__ASSIGNMENT__.
Would you transcribe the records below from the line with "仕上げ素材を揃えた洗面と浴室。" to the line with "Youve been asked", ends included, exactly and with nothing more, leaving the pictures out?

__EXTRACTED INFORMATION__.
▶

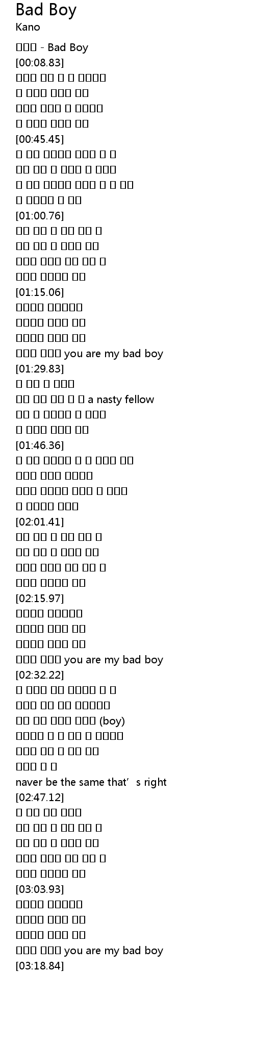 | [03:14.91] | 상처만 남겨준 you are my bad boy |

◀
▶

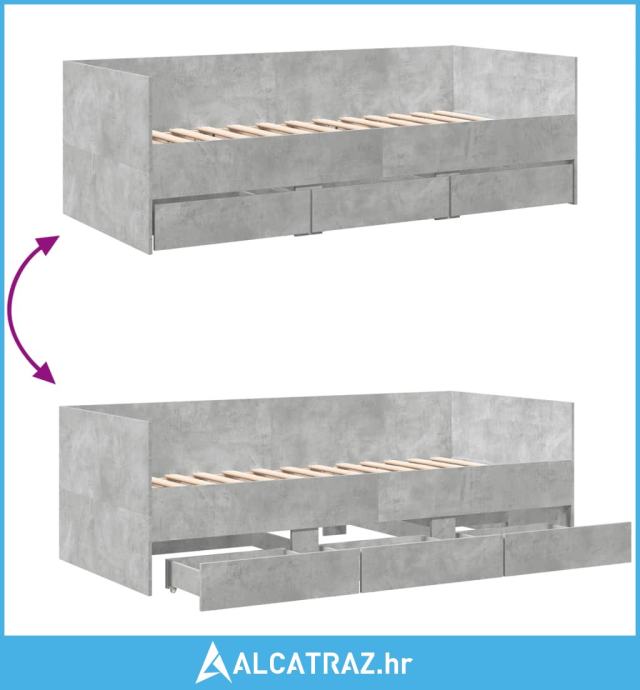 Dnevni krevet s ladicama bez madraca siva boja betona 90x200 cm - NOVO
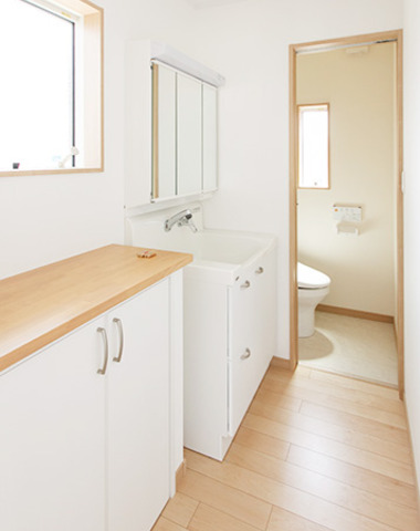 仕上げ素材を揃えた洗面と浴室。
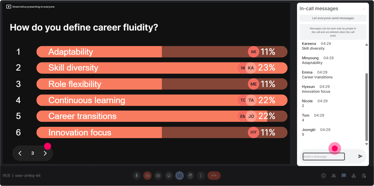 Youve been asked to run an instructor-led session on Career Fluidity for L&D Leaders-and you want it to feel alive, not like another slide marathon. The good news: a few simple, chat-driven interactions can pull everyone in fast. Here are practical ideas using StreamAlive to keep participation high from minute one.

◀

__WRITTEN RESPONSE__.
 仕上げ素材を揃えた洗面と浴室。
 Youve been asked to run an instructor-led session on Career Fluidity for L&D Leaders-and you want it to feel alive, not like another slide marathon. The good news: a few simple, chat-driven interactions can pull everyone in fast. Here are practical ideas using StreamAlive to keep participation high from minute one.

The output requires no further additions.